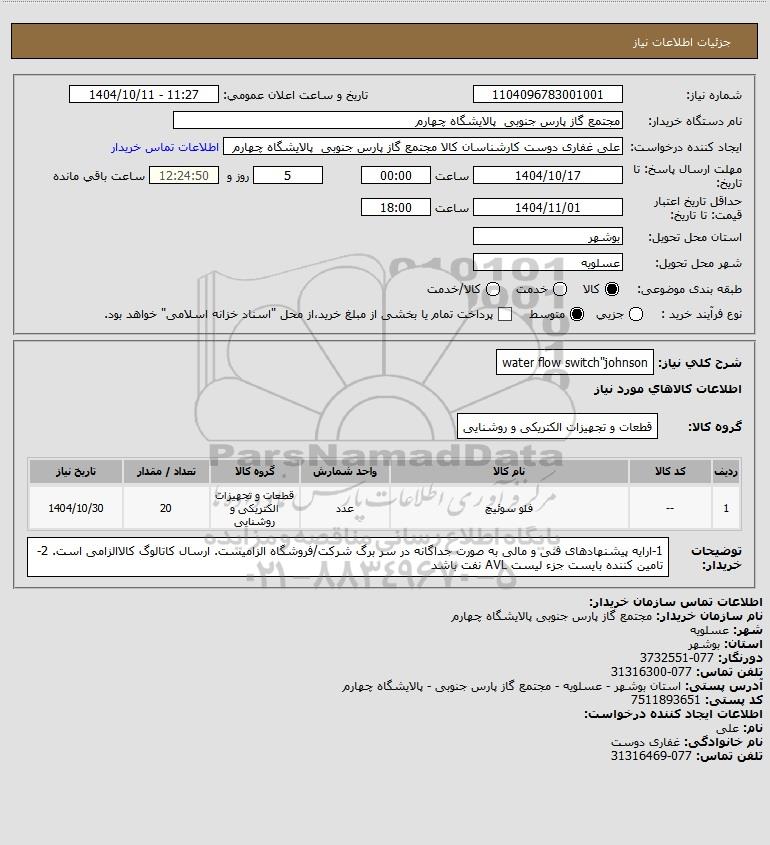 شرح کلی نیاز: water flow switch"johnson
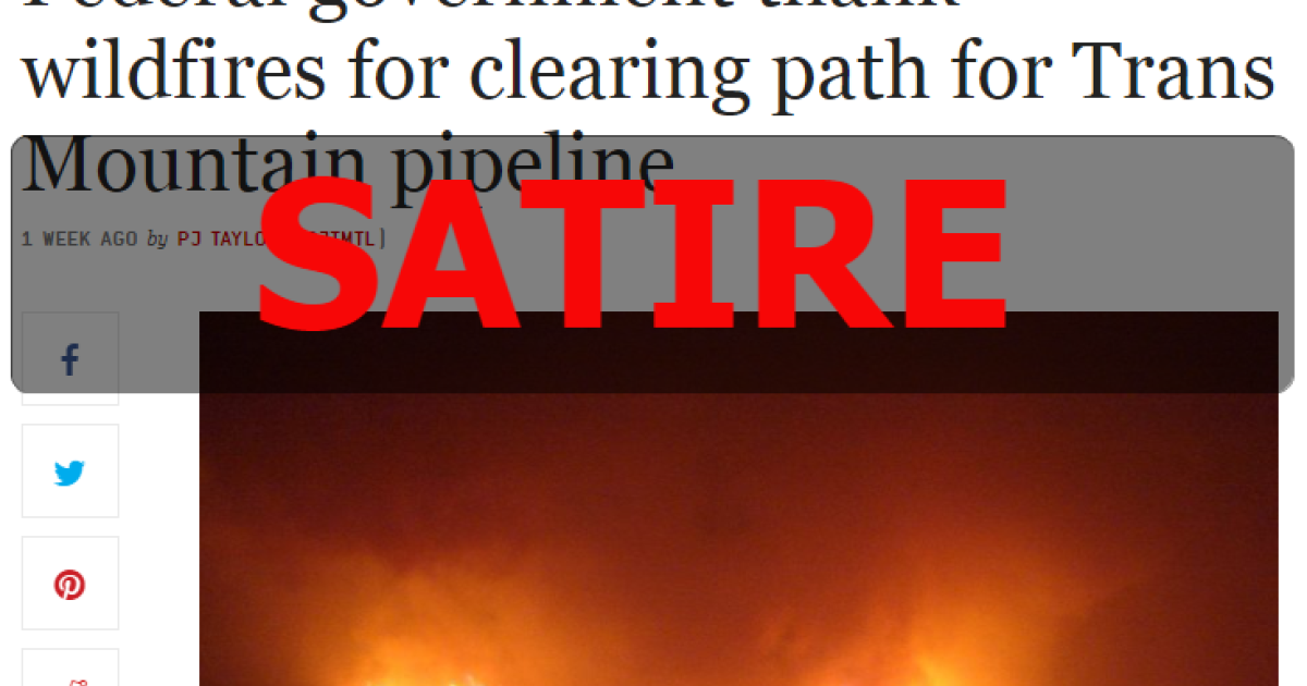 The Beaverton, a Canadian satirical media site that also broadcasts on a TV comedy channel, reported on August 22 that the summer wildfires in British Columbia had been praised by several members of the government and oil company executives for the money they would save in the building of the Trans Mountain Pipeline.
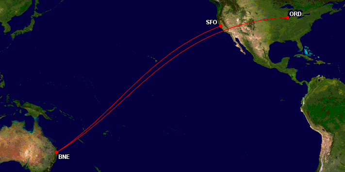 Während der Flug zwischen Brisbane und San Francisco mit etwas über 7.000 Meilen/ 11.200 Kilometern zwar sehr lang ist, ist er mit etwa 14 Stunden Flugzeit keiner der längste Flüge der Welt. Der Flug zwischen Brisbane und Chicago hingegen wird mit fast 9.000 Meilen/ 14.500 Kilometern und 17 Stunden Flugzeit etwa genau so lang sein, wie der Flug zwischen Perth und London und nur 800 Kilometer kürzer als der aktuell längste Flug der Welt zwischen Singapur und New York/ Newark.
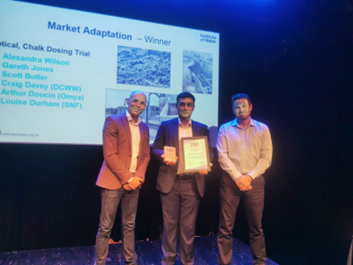 • Winner: Optical, Chalk Dosing Trial By Alexandra Wilson, Gareth Jones, Scott Butler, Craig Davey of Dŵr Cymru, Arthur Doucin of Omya & Louise Durham of SNF.
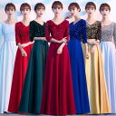 カラードレス オーダー ウエディング 二次会 細身え ドレス ワンピース 海外挙式 上品 綺麗 大きい 小さい XS XXL お色直し 謝恩会 パーティ ニ次会 花嫁 プレ花カラードレス 金 黒 緑 赤 グリーン【着後レビュー特典】【3カラー】輝く生地のパーティードレス 金 黒 緑 赤 グリーン レッド 結婚式 花嫁 ドレス カジュアル シルク調 シンプル インポート Vネック 5分袖 袖有 大きいサイズ ブライダル パーティ 発表会【cd-308】
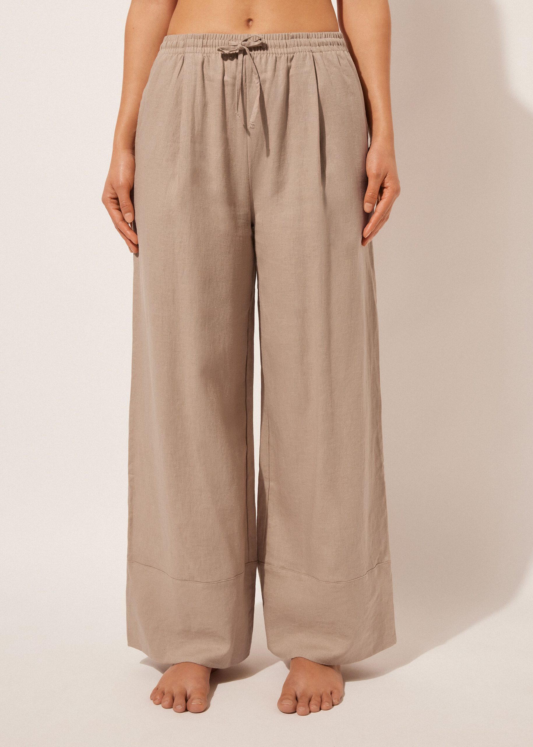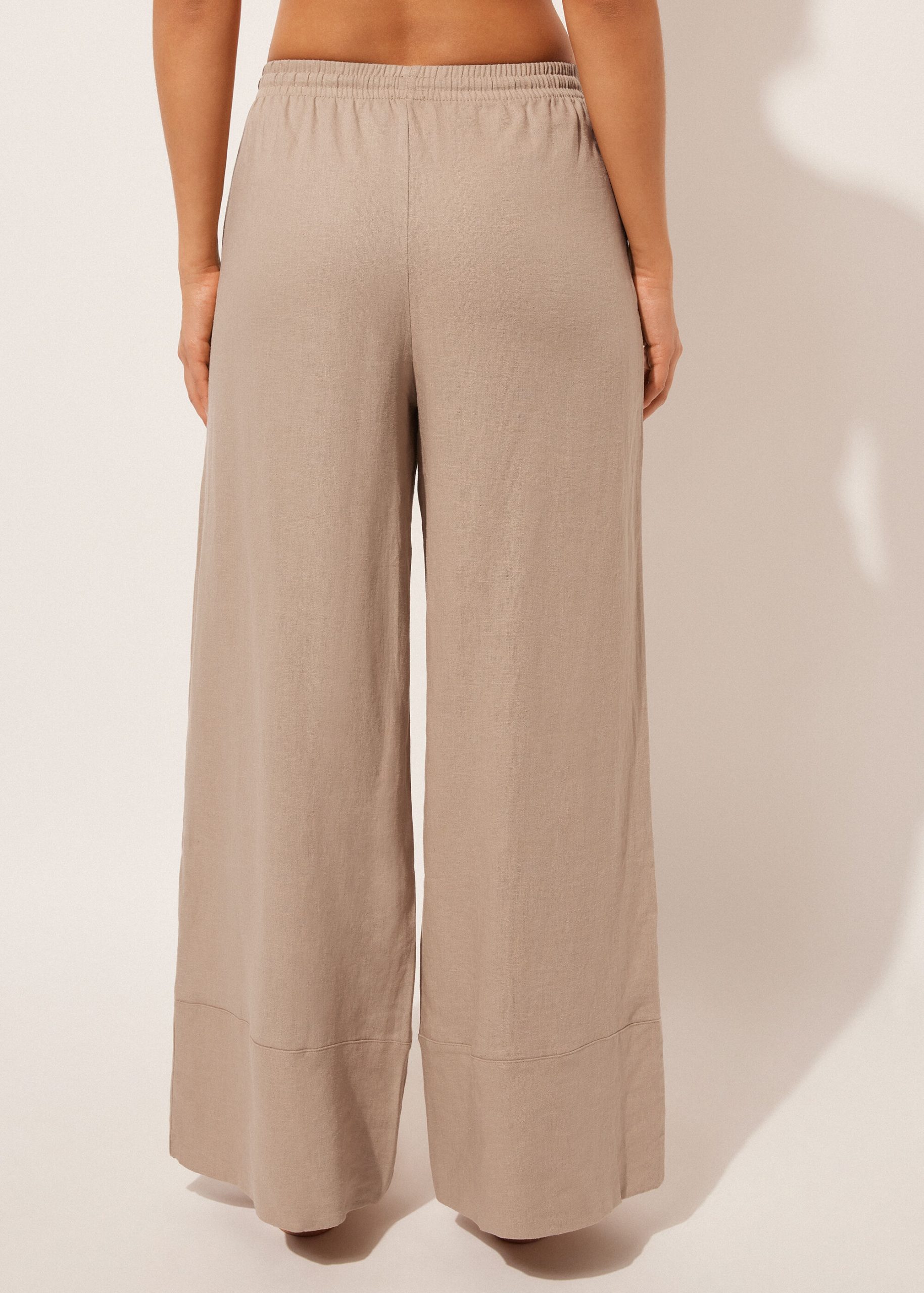 Palazzo pants in linen and viscose, perfect for those who love natural fibers. With a relaxed and comfortable fit, these pants offer a fluid and modern design, perfect for pairing with the 0BDA143 shirt.

————

# [Exercise directions]
Images must not appear; print each record precisely as it reads.

# [Task result]
 شرح کلی نیاز: water flow switch"johnson
 The Beaverton, a Canadian satirical media site that also broadcasts on a TV comedy channel, reported on August 22 that the summer wildfires in British Columbia had been praised by several members of the government and oil company executives for the money they would save in the building of the Trans Mountain Pipeline.
 Während der Flug zwischen Brisbane und San Francisco mit etwas über 7.000 Meilen/ 11.200 Kilometern zwar sehr lang ist, ist er mit etwa 14 Stunden Flugzeit keiner der längste Flüge der Welt. Der Flug zwischen Brisbane und Chicago hingegen wird mit fast 9.000 Meilen/ 14.500 Kilometern und 17 Stunden Flugzeit etwa genau so lang sein, wie der Flug zwischen Perth und London und nur 800 Kilometer kürzer als der aktuell längste Flug der Welt zwischen Singapur und New York/ Newark.
 • Winner: Optical, Chalk Dosing Trial By Alexandra Wilson, Gareth Jones, Scott Butler, Craig Davey of Dŵr Cymru, Arthur Doucin of Omya & Louise Durham of SNF.
 カラードレス オーダー ウエディング 二次会 細身え ドレス ワンピース 海外挙式 上品 綺麗 大きい 小さい XS XXL お色直し 謝恩会 パーティ ニ次会 花嫁 プレ花カラードレス 金 黒 緑 赤 グリーン【着後レビュー特典】【3カラー】輝く生地のパーティードレス 金 黒 緑 赤 グリーン レッド 結婚式 花嫁 ドレス カジュアル シルク調 シンプル インポート Vネック 5分袖 袖有 大きいサイズ ブライダル パーティ 発表会【cd-308】
 Palazzo pants in linen and viscose, perfect for those who love natural fibers. With a relaxed and comfortable fit, these pants offer a fluid and modern design, perfect for pairing with the 0BDA143 shirt.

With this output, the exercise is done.